3
「な、ん……」
なんで。どうして。
そんな言葉を言わせてもらえない。逃げることは許さないと、怖いくらいにまっすぐな瞳が封じてしまう。
いつもの温和な雰囲気はすっかり姿を隠してしまった。こうも真剣に感情を表に出すこの人は、何を言っていいかさえわからなくなってしまった私の唇を何度も何度も塞いでしまう。怖いと思った奪うキスじゃない。ただ触れ合わせるだけのそれだけが優しかった。
「私はもう我慢しません。したくもない。我慢して、今度こそ失うのは御免です」
「でも……」
「でも、なんですか。私よりグランの方がいいとお思いですか」
違う。そんなこと思ってない。
そう言いたいのに声が詰まって、結局首を振るしかできない私はなんて情けないんだろう。こんな時に、伝えなきゃいけないことも伝えられないなんて。

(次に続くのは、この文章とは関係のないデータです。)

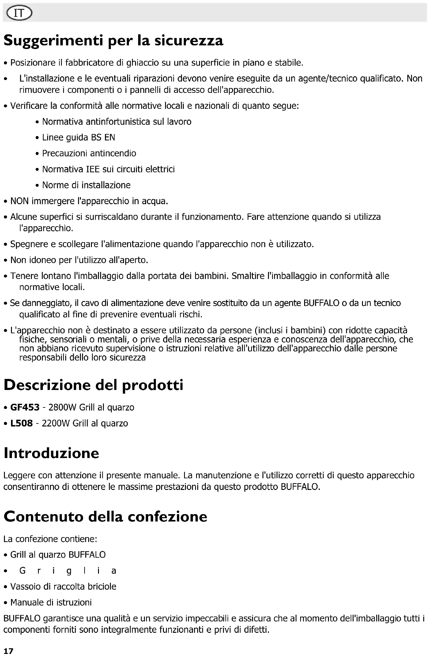 - L508 - 2200W Grill al quarzo Introduzione Leggere con attenzione il presente manuale. La manutenzione e l'utilizzo corretti di questo apparecchio consentiranno di ottenere le massime prestazioni da questo prodotto BUFFALO. Contenuto della confezione La confezione contiene: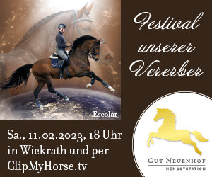 Kollektions-Newcomer, ein besonderes Ambiente, stimmungsvolle Musik und wichtige Persönlichkeiten der Pferdewelt: Mit dem „Festival der Vererber“ bieten wir Ihnen einen unvergesslichen Gala-Abend, und das zum ersten Mal seit der Corona-Pause wieder vor Ort und hautnah. Sie sind herzlich sind eingeladen, die Veranstaltung gemeinsam mit uns am Samstag, 11. Februar 2023, um 18 Uhr live auf Schloss Wickrath oder digital auf www.clipmyhorse.tv zu erleben. Im Anschluss wird die Aufzeichnung des Festabends in der Mediathek von ClipMyHorse verfügbar sein.

馬鹿の一つ覚えみたいにまた泣く私を、それでもルーグさんは痛ましげに顔を顰めてくれる。
優しい人。でも――残酷な人。
もう、十分だと思った。
「だめ、ですよ……」
そう。だめなのだ。こんなことは。だめ。だめ。これ以上、私を浮かれさせないで。
「グランがいいなんて、そんなこと思ってない。……でも、ルーグさんでもだめです」
嘘。本当は、ルーグさんだから。
「ルーグさんは、きっと信仰心とかを取り違えてるんです。だめですよ。間違えちゃ。だめです」
まだ言うかとルーグさんが一気に気色ばむ。それが嬉しくて、悲しい。
「さつき様!私は本気で―」
「私は!!」
ルーグさんが言いかけた言葉を無理やり遮る。怒声に近い声にルーグさんが一瞬怯んだ。その隙に、また「だめです」と繰り返す。ルーグさんにも、自分にもそう言い聞かせる。そうして、見えっ張りな私は笑顔を作る。
忘れるな。見失うな。
「私は、いつの日か帰るんですから」
そう口にした瞬間の、ルーグさんの泣きそうな顔が、この上なく私の胸を締め付ける。
こんな顔、させたかったわけじゃない。いつものように優しく笑っていてほしい。幸せでいてほしい。ルーグさんだから。私の好きな人だから。
だけど、ここで少しでも拒絶を緩めてはいけないとわかっているから。気取られないように奥歯を食いしばって、そうして作った笑顔を保ち続ける。
表情筋によって作られたこの表情は、きっと不自然でぎこちないだろう。
わかってても、それを貫き通す。
「間違えちゃ、だめ」
間違えちゃだめ。大丈夫、これが正しい。終わりしか来ない夢なんて、見ない方がいいに決まってるんだから。
ああ、でも。
ごめん。ごめんね、ルーグさん。
意気地無しでごめんね。嘘つきでごめんね。
ありがとうって、私も好きですって、言えなくて、ごめん。